FBW7 ubiquitin ligase: a tumour suppressor at the crossroads of cell division, growth and differentiation.

作者信息

Welcker Markus, Clurman Bruce E

机构信息

Division of Human Biology, Fred Hutchinson Cancer Research Center, 1100 Fairview Avenue North, Seattle, Washington 98109, USA.

出版信息

Nat Rev Cancer. 2008 Feb;8(2):83-93. doi: 10.1038/nrc2290.

Abstract

FBW7 (F-box and WD repeat domain-containing 7) is the substrate recognition component of an evolutionary conserved SCF (complex of SKP1, CUL1 and F-box protein)-type ubiquitin ligase. SCF(FBW7) degrades several proto-oncogenes that function in cellular growth and division pathways, including MYC, cyclin E, Notch and JUN. FBW7 is also a tumour suppressor, the regulatory network of which is perturbed in many human malignancies.
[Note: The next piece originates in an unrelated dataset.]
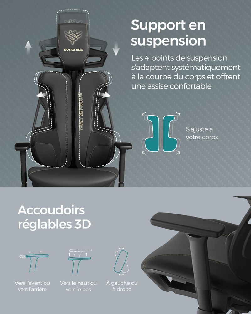 [Hanging backs] The 4-point suspended support of the H-shaped backrest effectively distributes pressure to the back, providing the player with robust and comfortable support for their lumbar during extended gaming sessions

Numerous cancer-associated mutations in FBW7 and its substrates have been identified, and loss of FBW7 function causes chromosomal instability and tumorigenesis. This Review focuses on structural and functional aspects of FBW7 and its role in the development of cancer.

摘要

FBW7(含F-box和WD重复结构域7)是进化保守的SCF(SKP1、CUL1和F-box蛋白复合物)型泛素连接酶的底物识别成分。SCF(FBW7)降解几种在细胞生长和分裂途径中起作用的原癌基因,包括MYC、细胞周期蛋白E、Notch和JUN。FBW7也是一种肿瘤抑制因子,其调控网络在许多人类恶性肿瘤中受到干扰。已鉴定出FBW7及其底物中许多与癌症相关的突变,FBW7功能丧失会导致染色体不稳定和肿瘤发生。本综述重点关注FBW7的结构和功能方面及其在癌症发展中的作用。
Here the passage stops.